Paper mills, commercial entities that manufacture and sell academic manuscripts, have become a growing threat to research integrity, specifically in the biomedical sciences. These organizations produce large volumes of manuscripts using standardised templates, fabricated or manipulated data, and false authorship arrangements. Cancer research is particularly vulnerable to intense publication pressure, relatively uniform experimental designs, and intense competition for funding and academic advancement. Although earlier estimates suggested that approximately 3% of the biomedical literature may involve paper mills, the scale of the problem in cancer research remains poorly quantified. The increasing sophistication of fabricated manuscripts and the rapid expansion of scientific output highlight the need for scalable, objective detection methods that can support traditional editorial and peer-review processes.

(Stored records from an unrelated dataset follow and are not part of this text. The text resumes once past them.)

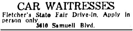 After the Fletcher’s Drive-In closed, it was replaced by a Red Coleman liquor store, and was most recently a club, El Palmeras. Google Street View shows the shabby neighborhood these days, here.
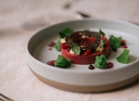 servírované 5chodové menu s výběrem hlavních jídel s přílohou, servírovaný předkrm či polévka, salátový bufet, servírovaný dezert, nápoje za poplatek; 1x týdně předkrmy a dezerty formou bufetu; 1x týdně tématické večeře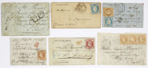 sept 71, à destination de JERSEY - ANGLETERRE. Arrivée le 4 fevrier, - Franklin : 80c. Lauré (Y&T n°32) obl. etoile 22 sur lettre frappée du CàD de Paris du 4 déc 70, à destination de ST PETERSBOURG - RUSSIE. PD en rouge au recto. Sans arrivée, - Général Renault : 40c. Lauré (Y&T n°31) obl. étoile muette sur lettre frappée du CàD de Paris du 8 déc 70, à destination de LA HAYE - HOLLANDE. Arrivée le 14 décembre, - Newton : 10c. Siège (Y&T n°36) et 20c. Siège (Y&T n°37) obl. etoile 8 sur lettre frappée du CàD de Paris du 1 janv 71, à destination de COWES - ILE DE WIGHT - ANGLETERRE. Arrivée le 12 janvier. On y joint une sortie après le siège et une marque postale de 1821.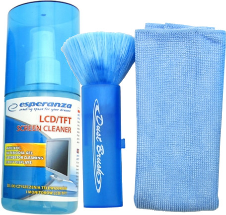 Esperanza Żel Ściereczka z Mikrofibry i Pędzelek Zestaw Czyszczący do Monitorów i Telewizorów LCD, LED, OLED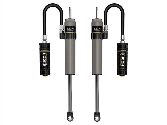 ICONs 2.5 Aluminum Series shocks are designed and built to give your vehicle outstanding performance off-road and a smooth ride on the street. With a truly vehicle-specific design, these shocks are configured specifically for each application in both length and damping tune. Featuring one-piece impact extruded aluminum cylinders, these 2.5 Aluminum Series shocks offer lighter weight, improved corrosion resistance, and a more uniform finish than traditional plated steel cylinders. Like all ICON shock absorbers, these 2.5 Aluminum Series shocks are 100% rebuildable and 100% revalveable. Remote reservoirs greatly increase shock oil volume and heat dissipation surface area to resist overheating and cavitation under hard use, which can lead to damper fade. ICONs unique use of a 6061 billet aluminum manifold a few inches below the top cap of the shock creates an internal Bump Zone that when used creates an additional 20% of damping force. This additional force helps prevent harsh bottom-out conditions and controls the suspension effectively when compressing at high velocity. If you are looking for a more user-defined tune, consider looking into the Compression Damping Control Valve (CDCV) shocks.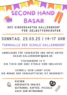 Der Basar wird am Sonntag, 23.03.25 in der Turnhalle der Grundschule Hallerndorf von 14.00 - 17.00 Uhr stattfinden.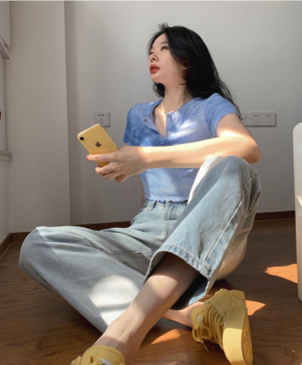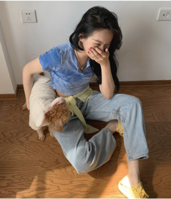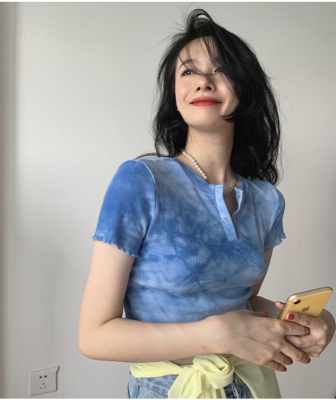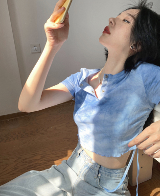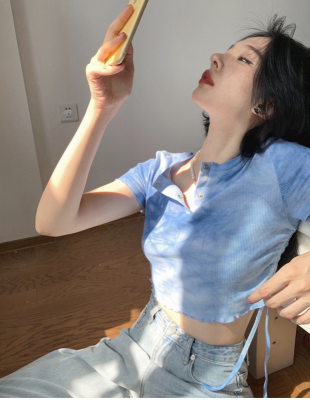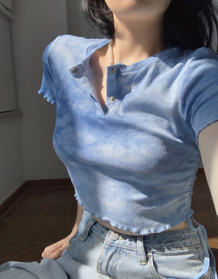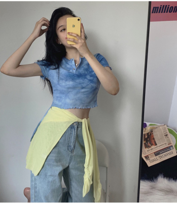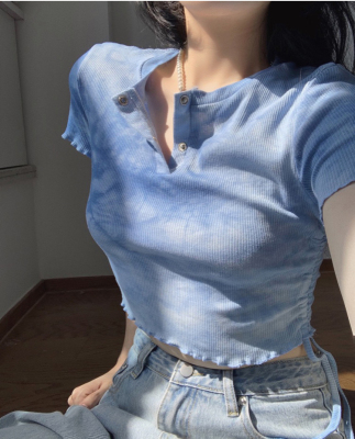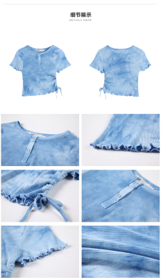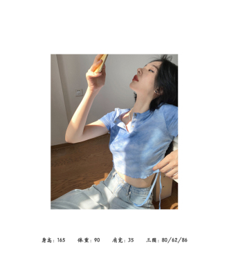 Hot girl's short pleated top women's tie dye design high waist open navel net red fried Street short sleeve T-shirt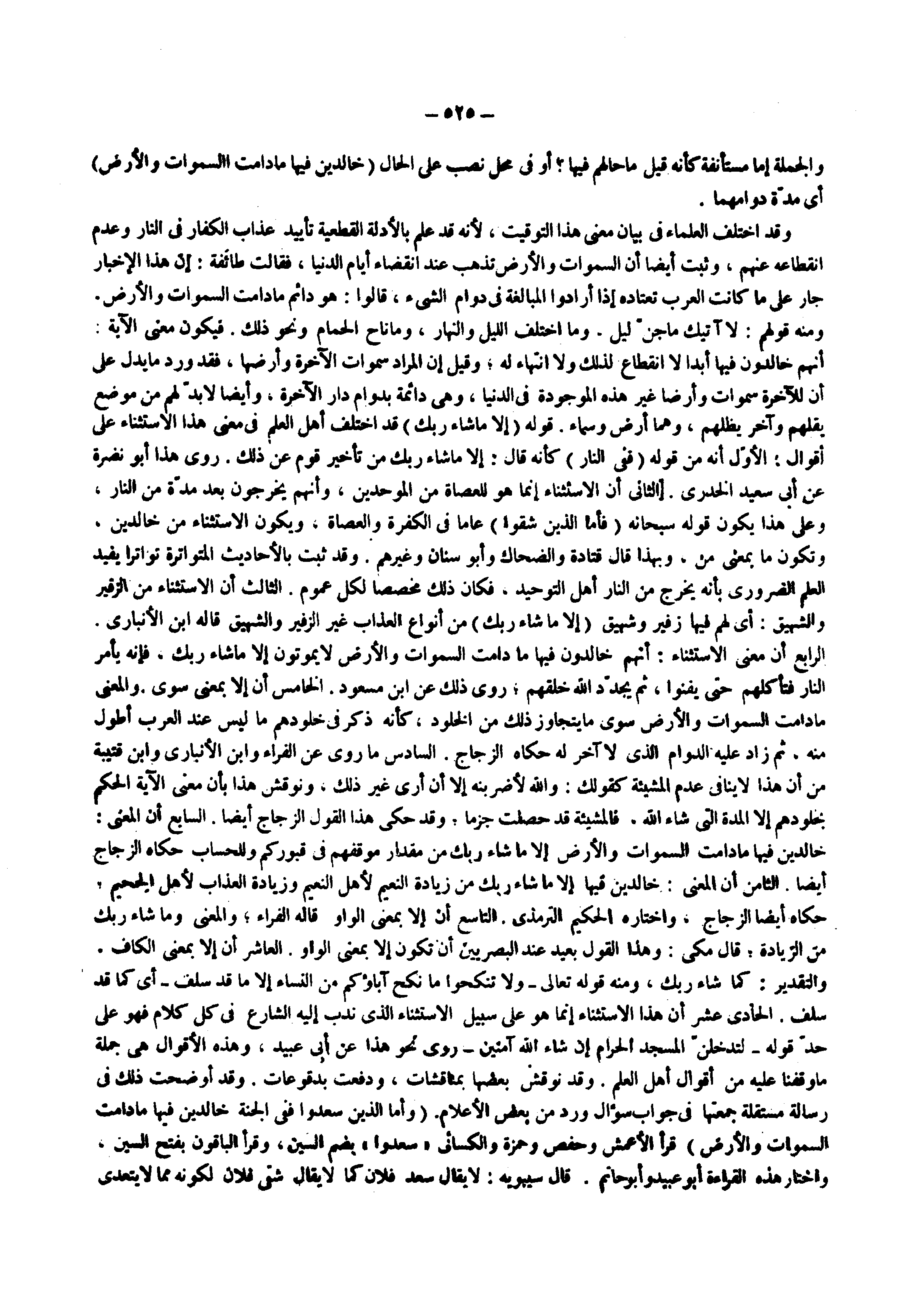 الرابع أن معنى الاستثناء أنهم خالدون فيها ما دامت السموات والأرض لا يموتون إلا ما شاء ربك فإنه يأمر النار فتأكلهم حتى يفنوا ثم يجدد الله خلقهم روى ذلك عن ابن مسعود الخامس أن إلا معنى سوى والمعنى ما دامت السموات والأرض سوى ما يتجاوز ذلك من الخلود كأنه ذكر في خلودهم ما ليس عند العرب أطول منه ثم زاد عليه الدوام الذى لا آخر له حكاه الزجاج السادس ما روى عن الفراء وابن الأنباري وابن قتيبة من أن هذا لا ينافي عدم المشيئة كقولك والله لأضربنه إلا أن أرى غير ذلك ونوقش هذا بأن معنى الآية الحكم بخلودهم إلا المدة التى شاء الله فالمشيئة قد حصلت جزما وقد حكى هذا القول الزجاج أيضا السابع أن المعنى خالدين فيها ما دامت السموات والأرض إلا ما شاء ربك من مقدار موقفهم في قبوركم وللحساب حكاه الزجاج أيضا والثامن أن المعنى خالدين فيها إلا ما شاء ربك من زيادة النعيم لأهل النعيم وزيادة العذاب لأهل الجحيم حكاه أيضا الزجاج واختاره الحكيم الترمذي التاسع أن إلا بمعنى الواو قاله الفراء والمعنى وما شاء ربك من الزيادة قال مكي وهذا القول بعيد عند البصريين أن تكون إلا بمعنى الواو العاشر أن إلا بمعنى الكاف

This study aimed to develop and validate a machine learning model to distinguish suspected paper-mill cancer research articles from genuine publications using titles and abstracts. The model was further applied to the global cancer research literature to estimate the prevalence of papers exhibiting textual characteristics similar to known paper-mill publications and to analyse temporal, geographic, disciplinary, and journal-level trends.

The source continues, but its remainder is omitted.